Artist Rueangsak Anuwatwimon has applied his talent to awakening people to an invisible threat they unwittingly breathe in - by incorporating ultra fine dust collected from polluted areas across Thailand in his human sculptures.

His work carries a warning of the dangerous levels of invisible pollutants people inhale every day..

Greenpeace South East Asia is showcasing his art at an exhibition intended make the public and the government aware they are breathing air permeated with three times the safety level of fine dust, known as particulate matter 2.5, set by the World Health Organisation last year.

The WHO determined the level of PM 2.5 should not be above 10 microgrammes a cubic metre 

"This polluting dust is simply ignored by both people and the government," Chariya Senphong, Greenpeace coordinator for energy and climate change affairs, said on Wednesday after the opening of the exhibition.

But very high average levels of PM 2.5 were recorded each year in Sara Buri, with 36 microgrammes a cubic metre, and Thon Buri, with 31 microgrammes, she said. These were among the polluted areas that were the inspiration for Rueangsak's latest work.

Among the displays are the sculptures of a child, a mother and an elderly man who are covered with dust he collected from various polluted areas, including factory compounds. This group, featuring people most at risk, represent villagers struggling against its impact.

"I want people to see this invisible threat more clearly through my art," Rueangsak said.

He hoped to help build awareness. Many of these people had little or no information about the air they breathe, he said.

PM 2.5 is dangerously tiny dust, only 2.5 micrometres in diameter - much less than the width of a single human hair. These fine particles can be emitted by bushfires, power plants and even old cars.

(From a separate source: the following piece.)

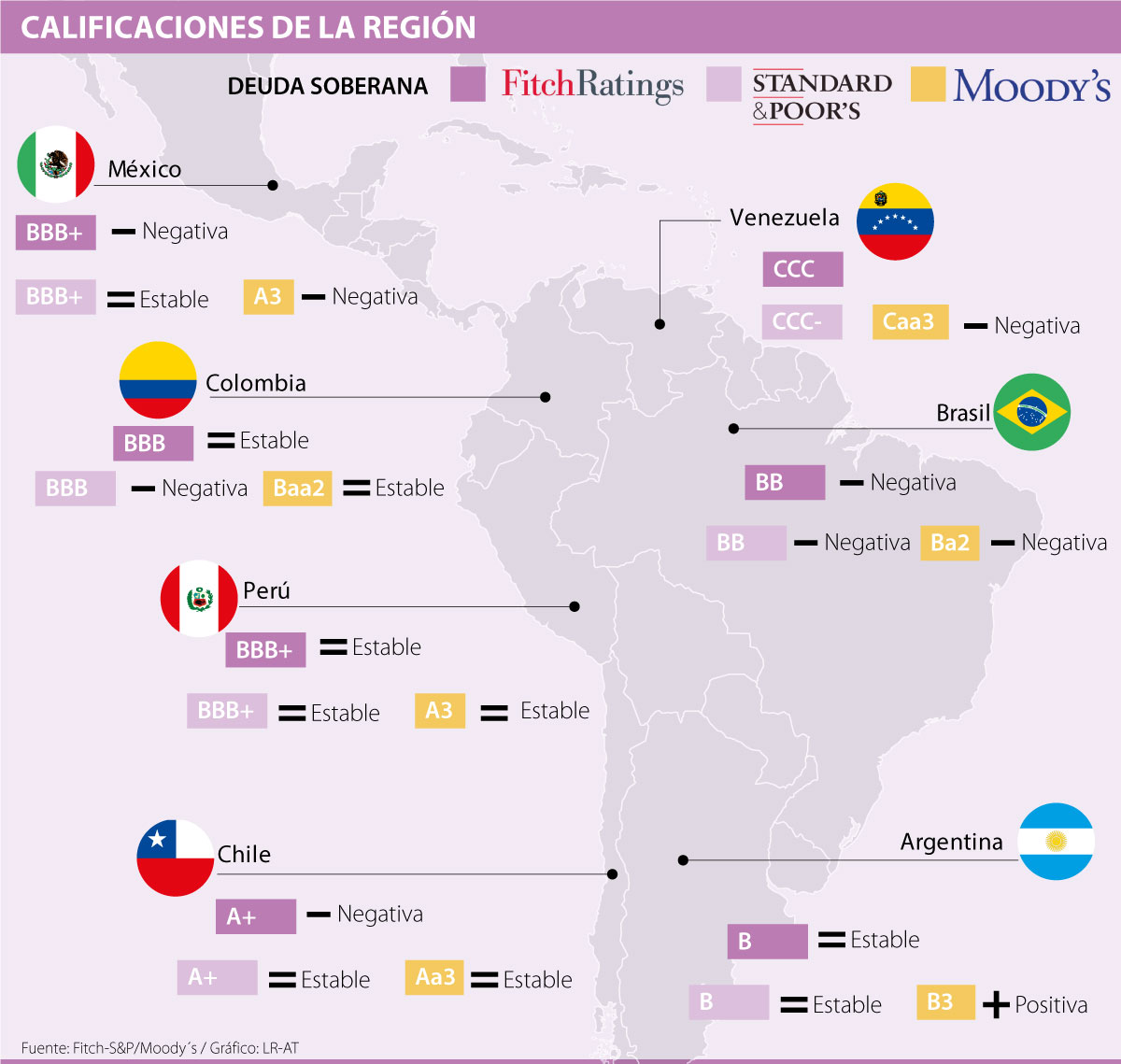 De los principales países de la región, la calificadora Fitch Ratings mantiene la perspectiva negativa a Brasil, Chile y México; por su parte, Standard & Poor’s la tiene en Brasil, Chile y Colombia; y Moody’s, en Brasil y México. Esto, sin contar con algunas economías como la venezolana que presenta la peor calificación.

Its major impact is on the respiratory system, because it lodges in the lungs.

Air pollution leads to the premature death of about 50,000 people each year in Thailand, Greenpeace said, citing the latest World Bank study.

The study found levels of air pollutants in 14 areas were above the WHO standard last year. In addition to Sara Buri and Thon Buri provinces, others deemed to be risk areas included Samut Sakhon, Ratchaburi, Khon Kaen and Chiang Mai, with levels of PM 2.5 ranging from 25 to 30 microgrammes a cubic metre, according to Greenpeace

The environmental group hopes the art display will make people more aware of their right to clean air, which is also the name of the exhibition.

"We should not take any risks on this issue and simply wait for the government to solve the problem," Ms Chairya said.

The exhibition continues until Jan 28 at the Bangkok Art and Culture Center.